The defined benefit obligations recognised in the balance sheet
represents the present value of the defined benefit obligation as
adjusted for unrecognised actuarial gains and losses and unrecognised
past service costs, and as reduced by the fair value of plan assets, if
applicable. Any defined benefit asset (negative defined benefit
obligations resulting from this calculation) is recognised representing
the unrecognised past service cost plus the present value of available
refunds and reductions in future contributions to the plan.

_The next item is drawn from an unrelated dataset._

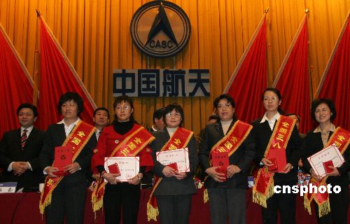 中華全國總工會決定頒發該集團一批為首次月球探測工程做出貢獻的集體和個人“全國五一勞動獎狀”、“全國五一勞動獎章”,中國運載火箭技術研究院“長征三號甲”系列運載火箭總指揮岑拯(左三)等獲得“全國五一勞動獎章”。

(iii)Other long term employee benefits
Entitlements to annual leave and sick leave are recognised when they
accrue to employees. Sick leave can only be availed while annual leave
can either be availed or encashed subject to a restriction on the
maximum number of accumulation of leaves. The Company determines the
liability for such accumulated leaves using the Projected Accrued
Benefit Method with actuarial valuations being carried out at each
balance sheet date
10. Provision for Taxation
Income tax expense comprises of current tax (i.e. amount of tax for the
period determined in accordance with the Income Tax Act, 1961),
deferred tax charge or credit (reflecting the tax effects of timing
differences between accounting income and taxable income for the
period) and fringe benefit tax (computed in accordance with the
relevant provisions of the Income tax Act, 1961).
The deferred tax charge or credit and the corresponding deferred tax
liabilities or assets are recognised using the tax rates that have been
enacted or substantively enacted by the balance sheet date.
Deferred tax assets are recognised only to the extent there is
reasonable certainty that the assets can be realised in future;
however, where there is unabsorbed depreciation or carry forward loss
under taxation laws, deferred tax assets are recognised only if there
is a virtual certainty of realisation of such assets. Deferred tax
assets are reviewed as at each balance sheet date to reassess
realisation.
11. Provisions and Contingencies
The company creates a provision when there exists a present obligation
as a result of a past event that probably requires an outflow of
resources and a reliable estimate can be made of the amount of the
obligation. A disclosure for a contingent liability is made when there
is a possible obligation or a present obligation that may, but probably
will not require an outflow of resources. When there is a possible
obligation or a present obligation in respect of which likelihood of
outflow of resources is remote, no provision or disclosure is made.
12. Earnings per share
The basic and diluted earnings per share ("EPSÂ) is computed by
dividing the net profit after tax for the year by weighted average
number of equity shares outstanding during the year.